Homework-like questions and check-my-work questions are considered off-topic here, particularly when asking about specific computations instead of underlying physics concepts. Homework questions can be on-topic when they are useful to a broader audience. Note that answers to homework questions with complete solutions may be deleted!

---

Please help the asker edit the question so that it asks about the underlying physics concepts instead of specific computations. If there are any complete answers, please flag them for moderator attention.

Closed 2 years ago.

Improve this question

I have the following question which makes no sense to me:

Car is moving at $20 \;\text{m/s}$ speed on the road. Curvature radius of the hill is $R = 100 \;\text{m}$. What is the maximum possible horizontal acceleration at the hill peak, if the friction coefficient is 0.3?

The car is in a circular motion where the circle is on the paper plane. From the question it seems that the car is moving at a constant speed. This means that the acceleration of this circular motion is in the direction of the radius, that is fully vertical at the hill peak. This means there is no horizontal acceleration at all. Therefore the question makes no sense to me.

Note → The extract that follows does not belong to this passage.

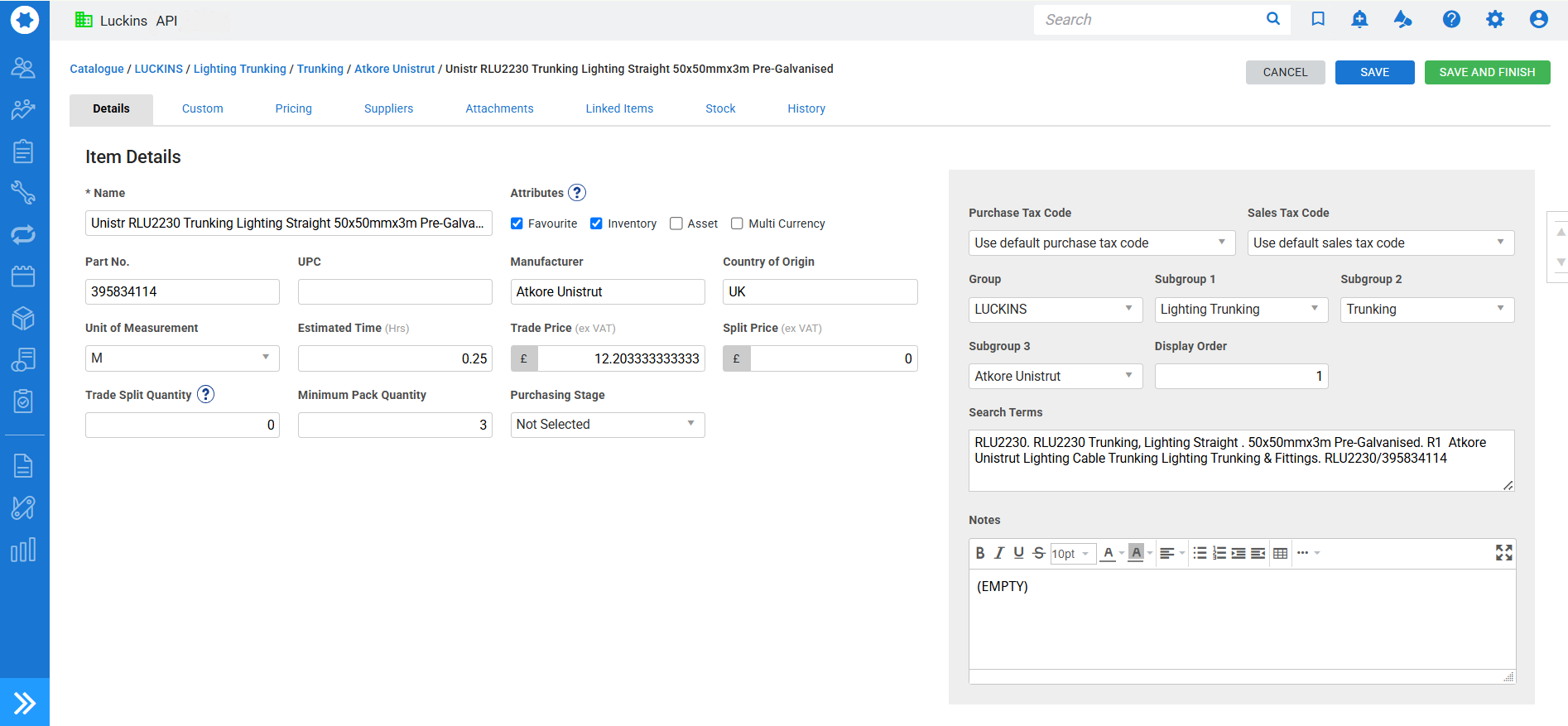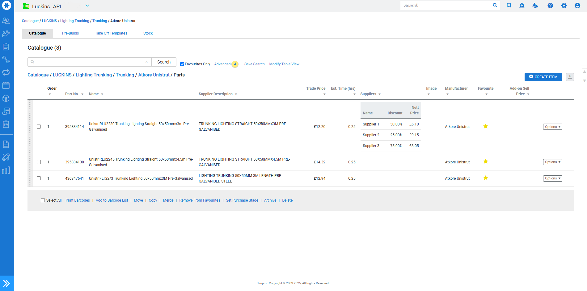 Rather than a static price file, the Luckins integration is a live API which means that it is always up-to-date. You'll be sure that your always using accurate information and you'll never estimate with an obsolete item. It also allows users to compare supplier pricing without having to jump across multiple catalogues.

The solution is given as: $1.8 \;\text{m}\,\text{s}^{-2}$

Answer 1

As the car drives over the hill, the bottom of the tires does not slip. If the car accelerates, the tires push the road backward, and the reaction force pushes the car forward. This is a question about how big can static friction be. For that, you need to know about is the normal force pushing the car onto the road.

Usually that would be the weight of the car. But this car travels in a circular path over the hill. Therefore there is a centripetal force that makes it travel in a circle. Gravity pulls the car down onto the road, and the reaction force of the road keeps the car from penetrating the surface of the road. You should be able to figure out the normal force from that.

---

Edit - More about static friction

$F = \mu N$ doesn't tell you what the static friction force is. It tells you how big it can be without the tire slipping.

Think of a car parked on a level surface. It doesn't matter if it is parked on ice or asphalt. The car doesn't move. There is no horizontal force trying to accelerate the car.

Now push the parked car. The car on ice moves because there is no friction to prevent it.

If the car is on asphalt, it does not move. The friction of the tires is just strong enough to oppose your force and keep the car from accerating. It is not stronger than your force. It does not make the car move against you.

Static friction is like other reaction forces. Gravity pushes the car onto the road. The road pushes up hard enough to prevent the car from accelerating downward and penetrating the surface.

Reaction forces often have limits to how strong they can be. A meteor digs a crater. It generates forces strong enough to break bonds and dig up the road.

Likewise, static friction has a limit. If you pushed the car with a bulldozer, it would move. The bulldozer generates a force strong enough to break the bonds that hold the tires fixed.

The formula tells you this maximum force. Friction is very complex on a microscopic level. This is not a force calculated from the nature of bonds and such. It is from many measurements of static friction with a wide variety of materials and normal forces. It doesn't always hold. For example things would change if you lubricate the road with some oil. But it is useful for learning about forces and friction. Problems can be created that make you think about them.